§ **INSTRUCTIONS TO FOLLOW**:
Exactly as they appear below, repeat the lines from the one with "Selling a loveseat" through the one with "underarms, white background". Drop every picture.

§ **INPUT MATERIAL**:
————

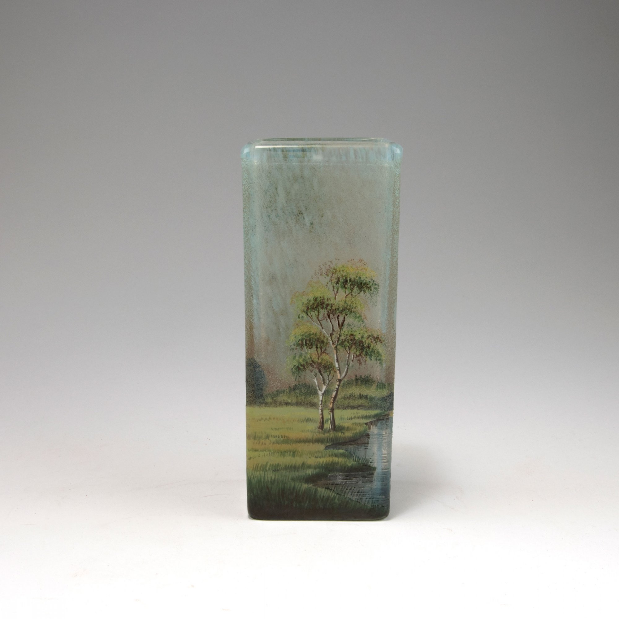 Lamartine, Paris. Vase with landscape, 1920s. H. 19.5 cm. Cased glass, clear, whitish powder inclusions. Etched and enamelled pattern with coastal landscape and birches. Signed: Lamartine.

————

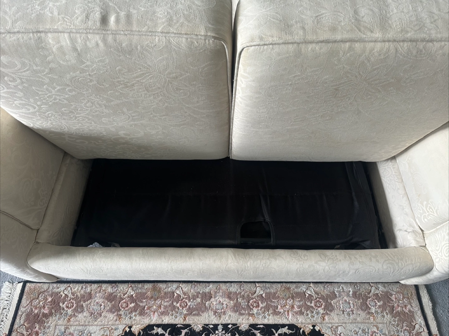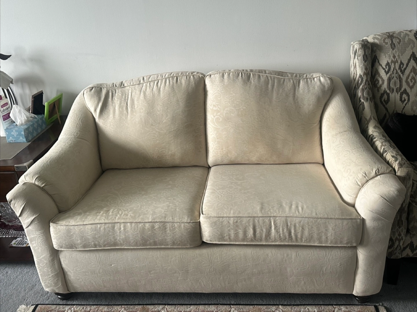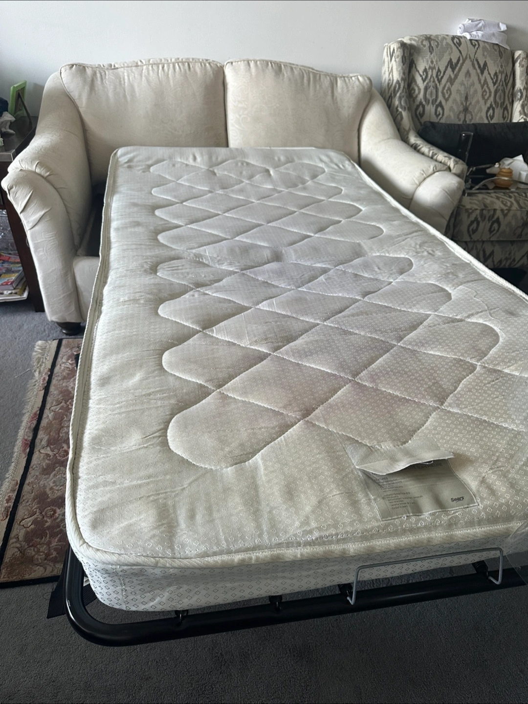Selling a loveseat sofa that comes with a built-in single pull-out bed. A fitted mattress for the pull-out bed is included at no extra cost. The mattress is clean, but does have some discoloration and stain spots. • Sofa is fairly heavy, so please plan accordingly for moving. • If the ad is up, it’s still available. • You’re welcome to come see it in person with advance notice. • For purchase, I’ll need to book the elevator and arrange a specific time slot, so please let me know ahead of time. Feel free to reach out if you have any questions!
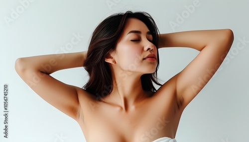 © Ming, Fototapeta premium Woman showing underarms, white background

————

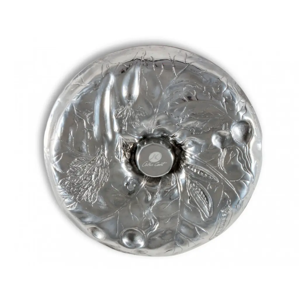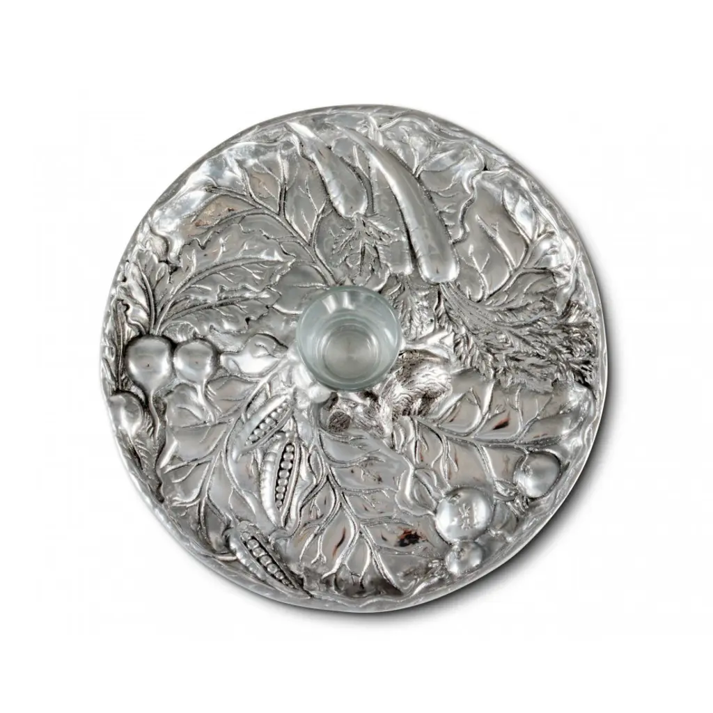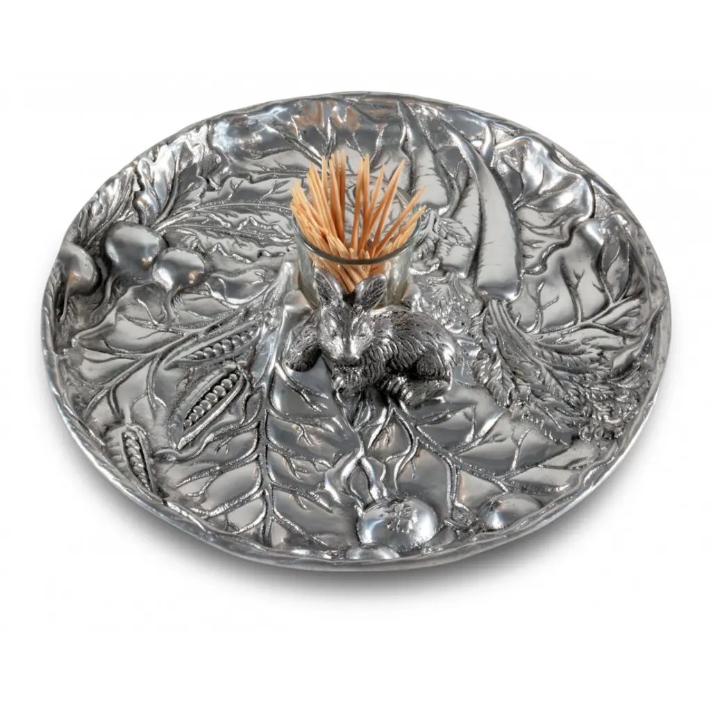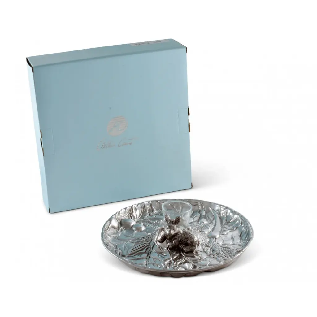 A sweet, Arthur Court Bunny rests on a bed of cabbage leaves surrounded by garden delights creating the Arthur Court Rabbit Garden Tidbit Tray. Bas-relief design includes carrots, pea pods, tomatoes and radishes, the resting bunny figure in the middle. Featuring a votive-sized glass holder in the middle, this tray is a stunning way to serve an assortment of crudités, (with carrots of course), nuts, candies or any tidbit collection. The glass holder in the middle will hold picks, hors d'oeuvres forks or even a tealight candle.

————

§ **OUTPUT**:
Selling a loveseat sofa that comes with a built-in single pull-out bed. A fitted mattress for the pull-out bed is included at no extra cost. The mattress is clean, but does have some discoloration and stain spots. • Sofa is fairly heavy, so please plan accordingly for moving. • If the ad is up, it’s still available. • You’re welcome to come see it in person with advance notice. • For purchase, I’ll need to book the elevator and arrange a specific time slot, so please let me know ahead of time. Feel free to reach out if you have any questions!
 © Ming, Fototapeta premium Woman showing underarms, white background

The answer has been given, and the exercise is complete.